イップスは、選手が投球動作を行う際に、心理的な障害が突然発生し、思うように力を発揮できなくなる現象です。これはプレイに深刻な影響を及ぼし、選手生命を脅かす可能性があるため多くの選手が悩んでいます。ネットやSNSなどでは情報が多く流通していますが、どこから手を付けて良いか分からず、選手や指導者の中には不安を抱えて練習を続けることも少なくありません。結果的に状態が悪化し、野球を嫌いになってしまう選手すらいます。
直接指導の必要性
谷口氏は、自身もイップスの経験がある指導者として、部内でも送球に悩む選手がいることを知り、対面指導の決断に至りました。彼は選手や指導者に適切なアプローチを個別に提供し、スローイングの基本動作を教えることで選手たちが野球を楽しむ手助けをしたいと考えています。
指導の内容
指導は静岡県立新居高等学校のグラウンドで行われ、午前8時30分から12時30分までのプログラムでした。対象となったのは、硬式野球部の選手10名と顧問1名です。

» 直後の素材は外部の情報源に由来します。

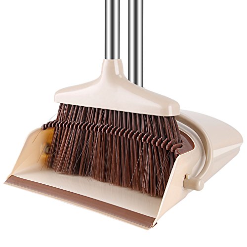 Gorich Windproof Broom and dustpan set upright with long handle Great for sweeping kitchen,office, house, outdoors, Beige

指導内容は以下の通りです:
1. ウォームアップ/キャッチボール観察(9:00–10:00)
2. 基本動作講義(10:00–10:30)
3. 個別ネットスロー指導(10:30–12:30)
個別対応を重視
谷口氏は、一般論ではなく、一人ひとりに最適な練習を提案することを大切にしています。全体のレクチャーを最小限に食い止め、1対1の対話と実技に力を入れるスタンスをとり、選手たちにも直接的なフィードバックを行いました。
指導後、選手たちはスローイングの際、試合でのエラーや悪送球の原因が普段の練習の仕方にあることを認識しました。普段は9〜10割の力で投げるため、試合中に必要な7割の力感での正確な送球が身についていないことが問題だと感じました。
新たな気づき
ネットスローを通じて力感を段階的に調整するドリルを取り入れた結果、選手たちはコントロールの変化を実感しました。指導者からは「力を抜くことが課題克服の鍵」とのメッセージがアドバイスされ、選手たちの理解が深まりました。
顧問のコメント
顧問の宇佐駿佑氏は、自身も学生時代にイップスに苦しんでいたため、指導を受けることに決めたと述べています。「経験が浅い選手には、基本を学ぶ貴重な機会でした」とし、直接指導での気づきやモチベーションの向上を実感したそうです。特に「イップスに悩むことから学べることがある」という言葉が印象に残ったと語っています。
今後の展望
当事業は、今後も全国各地で対面講習を行い、対面とオンラインでのプログラムを拡充していく方針です。「イップス克服」を支援する双方向プログラムで、より多くの高校球児が成長できることを目指しています。これにより、イップスに対する理解も深まり、今後の選手の成長が期待されます。